>>>
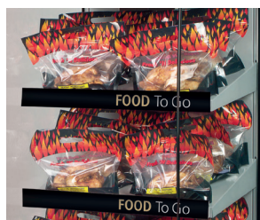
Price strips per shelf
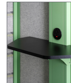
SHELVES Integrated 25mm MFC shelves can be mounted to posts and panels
<<<
>>>
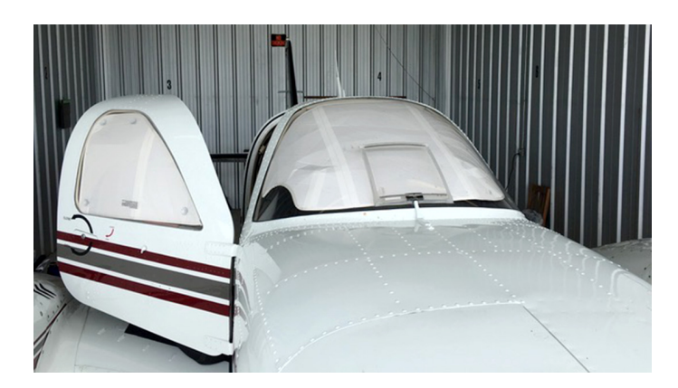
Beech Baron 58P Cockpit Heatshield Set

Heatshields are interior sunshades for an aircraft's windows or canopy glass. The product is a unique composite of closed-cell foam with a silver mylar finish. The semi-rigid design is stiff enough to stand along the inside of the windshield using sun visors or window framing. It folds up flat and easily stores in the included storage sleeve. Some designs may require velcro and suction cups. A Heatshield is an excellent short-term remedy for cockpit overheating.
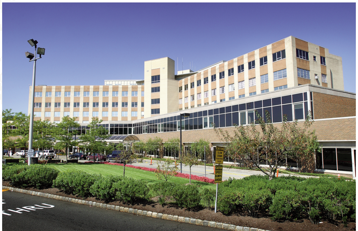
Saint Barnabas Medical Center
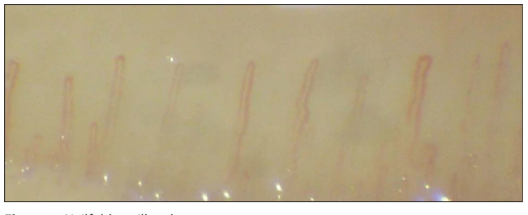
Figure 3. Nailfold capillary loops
<<<
>>>
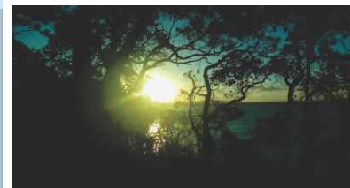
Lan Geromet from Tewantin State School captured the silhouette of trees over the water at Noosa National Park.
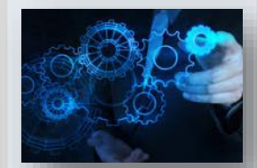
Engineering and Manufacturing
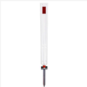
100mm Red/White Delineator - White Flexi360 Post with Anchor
<<<
▶ _WHAT THE EXERCISE ASKS_:
Only the lines above from the one with "Saint Barnabas Medical Center" to the one with "Figure 3. Nailfold capillary loops" should be printed, both included and exactly as written; no picture belongs in the copy.

▶ _WORKED SOLUTION_:
Saint Barnabas Medical Center
Figure 3. Nailfold capillary loops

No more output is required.